■ **WHAT THIS TASK INVOLVES**
Omit all pictures, then print the entries exactly.
═════ DATA PROVIDED
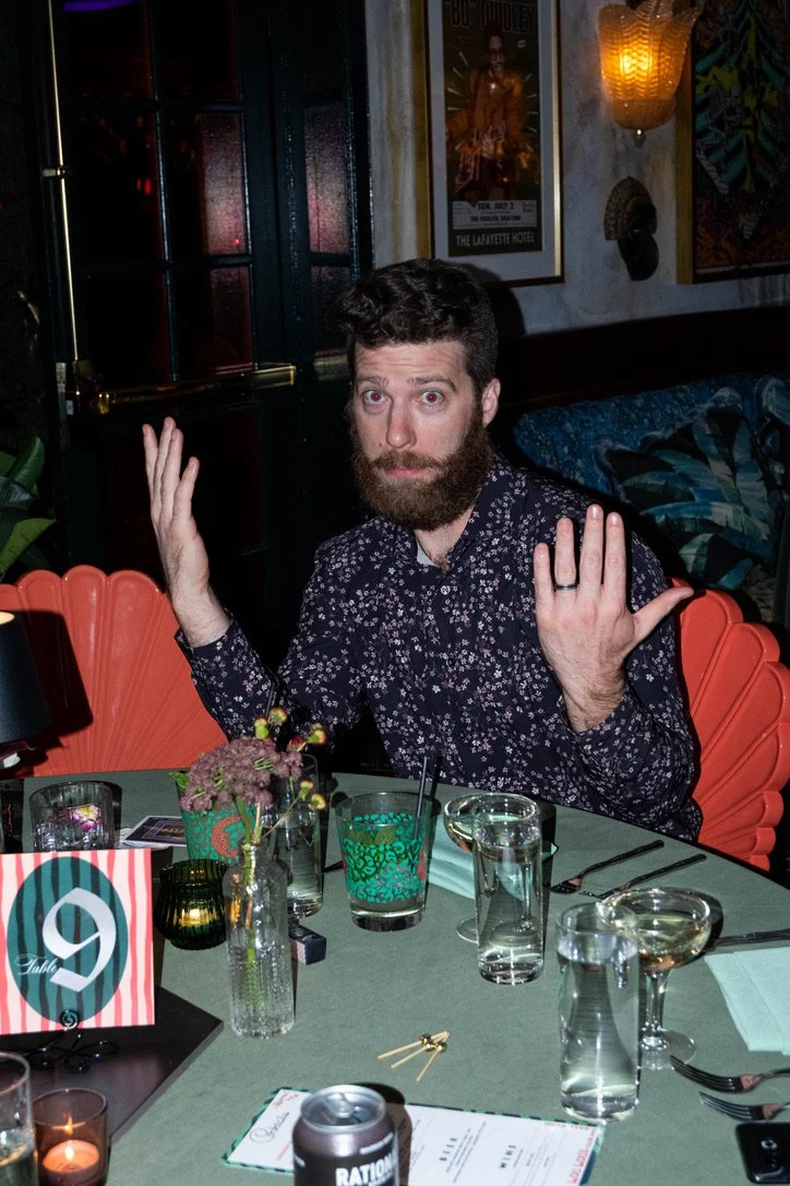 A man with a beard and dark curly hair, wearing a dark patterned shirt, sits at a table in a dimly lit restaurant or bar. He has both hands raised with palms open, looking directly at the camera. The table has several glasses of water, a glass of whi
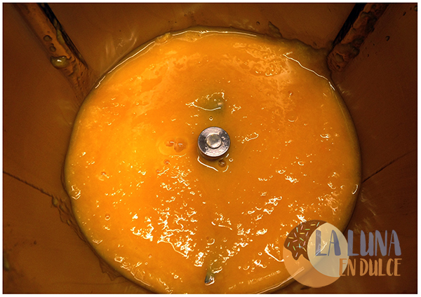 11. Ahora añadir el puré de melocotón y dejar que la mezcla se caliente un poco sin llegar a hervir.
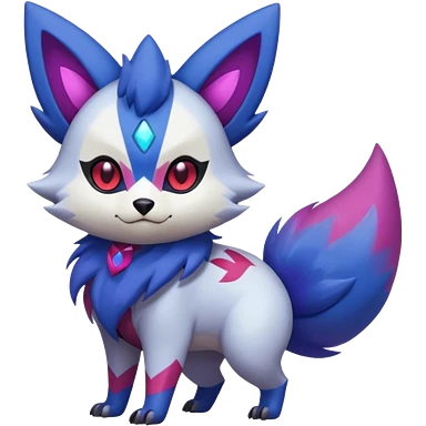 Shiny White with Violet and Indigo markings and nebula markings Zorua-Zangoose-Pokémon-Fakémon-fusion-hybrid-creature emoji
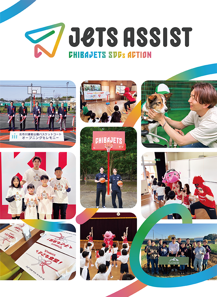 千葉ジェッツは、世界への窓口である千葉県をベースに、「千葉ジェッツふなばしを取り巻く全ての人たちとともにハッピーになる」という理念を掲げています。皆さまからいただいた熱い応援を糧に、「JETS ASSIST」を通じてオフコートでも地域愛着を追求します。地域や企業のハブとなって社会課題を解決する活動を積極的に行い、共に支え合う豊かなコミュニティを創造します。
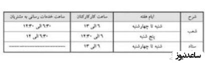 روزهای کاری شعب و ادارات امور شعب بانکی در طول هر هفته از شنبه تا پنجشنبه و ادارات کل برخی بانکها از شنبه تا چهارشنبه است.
══════════
■ **WRITTEN SOLUTION**
 A man with a beard and dark curly hair, wearing a dark patterned shirt, sits at a table in a dimly lit restaurant or bar. He has both hands raised with palms open, looking directly at the camera. The table has several glasses of water, a glass of whi
 11. Ahora añadir el puré de melocotón y dejar que la mezcla se caliente un poco sin llegar a hervir.
 Shiny White with Violet and Indigo markings and nebula markings Zorua-Zangoose-Pokémon-Fakémon-fusion-hybrid-creature emoji
 千葉ジェッツは、世界への窓口である千葉県をベースに、「千葉ジェッツふなばしを取り巻く全ての人たちとともにハッピーになる」という理念を掲げています。皆さまからいただいた熱い応援を糧に、「JETS ASSIST」を通じてオフコートでも地域愛着を追求します。地域や企業のハブとなって社会課題を解決する活動を積極的に行い、共に支え合う豊かなコミュニティを創造します。
 روزهای کاری شعب و ادارات امور شعب بانکی در طول هر هفته از شنبه تا پنجشنبه و ادارات کل برخی بانکها از شنبه تا چهارشنبه است.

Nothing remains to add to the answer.